Para além da crise (Juarez de Paula)

9 de maio de 2009 at 15:48 Deixe um comentário

Por Juarez de Paula, abril de 2009

A crise atual evidencia, em escala global, uma contradição estrutural do padrão capitalista de produção e consumo: a reprodução ampliada do capital depende da existência de consumidores, mas o mercado, sem regulação social, tende a promover a concentração de riquezas, a exclusão social das maiorias e a degradação ambiental do planeta, a ponto de colocar em risco a própria existência da humanidade. Não há possibilidade de manutenção do crescimento econômico sem distribuição de renda, pois sem renda não há consumo, sem consumo não há produção, sem produção não há emprego e sem emprego não há renda. Portanto, parece óbvio que para sair da crise é preciso defender os empregos, a renda e o consumo.
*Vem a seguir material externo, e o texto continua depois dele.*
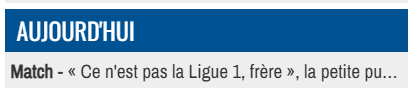 ![]() Alors je sais pas si c'est le "petite" qui est de trop, mais la manière dont est coupé la phrase, pendant un instant j'ai cru que le rédacteur avait pété une durite et mon esprit a imaginé un titre « Ce n'est pas la Ligue 1, frère », la petite pute Van Dijk répond à Campos dans les vestiaires |

O país possui reservas acumuladas de 200 bilhões de dólares, o que representa um fator de segurança, credibilidade e confiança para a atração de investimentos. Os bancos brasileiros ficaram a salvo da quebradeira internacional. A despeito de alguma retração no crédito, provocada, sobretudo, pela aversão ao risco, não há colapso financeiro. A existência de fortes bancos públicos, a exemplo do BNDES, do Banco do Brasil e da CAIXA, tem permitido ao Governo Federal a intensificação da oferta do crédito para setores estratégicos da economia.

O país conta também com um plano arrojado de investimentos em infra-estrutura, o Programa de Aceleração do Crescimento – PAC, que mantém as atividades do setor da construção civil, um importante mobilizador de força de trabalho de baixa qualificação. O programa habitacional de construção de 1 milhão de moradias populares, recentemente anunciado, também contribui no mesmo sentido.

Além disso, programas de distribuição e transferência direta de renda tais como o Bolsa Família e a Previdência Social, associados aos programas de fortalecimento da agricultura familiar tais como o PRONAF e o PAA – Programa de Aquisição de Alimentos, têm elevado a renda e a capacidade de consumo das classes C, D e E com fortes impactos na redução da pobreza e na expansão da classe média. Esse novo segmento de consumidores tem sido responsável pela manutenção de um mercado interno aquecido, o que constitui uma enorme vantagem comparativa e competitiva do Brasil no atual cenário internacional de recessão e desemprego.

Outro aspecto relevante é a ênfase em programas de desenvolvimento territorial com foco nas regiões menos dinâmicas do país, a exemplo do Programa de Desenvolvimento das Mesorregiões Diferenciadas – PROMESO, dos Consórcios de Segurança Alimentar e Desenvolvimento – CONSAD’s e principalmente do Programa Territórios da Cidadania, que promovem a convergência de investimentos públicos, a reabilitação do planejamento estratégico e a inovação institucional, na medida em que reconhecem a necessidade de políticas públicas em várias escalas: nacional, regional, sub-regional e local.

Para sair da crise defendendo os empregos, a renda e o consumo no plano local, é necessário ousadia, criatividade e inovação. Agora que o cassino internacional fechou suas portas, é preciso fazer novas apostas.

É preciso apostar no experimentalismo local, ou seja, nos negócios que já estão dando certo, mas que precisam ser fortalecidos, apoiados, consolidados e ampliados. Isto também exige inovação institucional. Muitas das regras atuais são excludentes e funcionam como “barreiras de entrada” que impedem o empreendedorismo. Iniciativas como a Lei Geral das Micro e Pequenas Empresas e o Micro-Empreendedor Individual – MEI apontam na direção correta.

É fundamental apostar no consumo da nova classe média. Os “novos consumidores” demandam alimentos; itens de vestuário; serviços de educação, saúde, transporte e lazer; melhorias habitacionais; aquisição de bens duráveis, sobretudo bicicletas, motos, aparelhos eletro-eletrônicos e equipamentos da “linha-branca” (fogões, geladeiras, máquinas de lavar). Tudo isso gera oportunidades no mercado interno.

É importante apostar em formas alternativas de organização econômica e em práticas inovadoras de inclusão social, tais como os empreendimentos de economia solidária, o cooperativismo de crédito e de produção, o comércio justo, a difusão de tecnologias sociais.

É decisivo apostar em negócios inovadores focados na sustentabilidade ambiental, como a agricultura orgânica, os biocombustíveis e bioplásticos, a energia solar e eólica, dentre outros.

Finalmente, é imprescindível apostar nos pequenos negócios e no consumo de produtos locais, pois juntos têm a capacidade de promover o crescimento econômico com distribuição de renda e inclusão social, o melhor caminho para além da crise.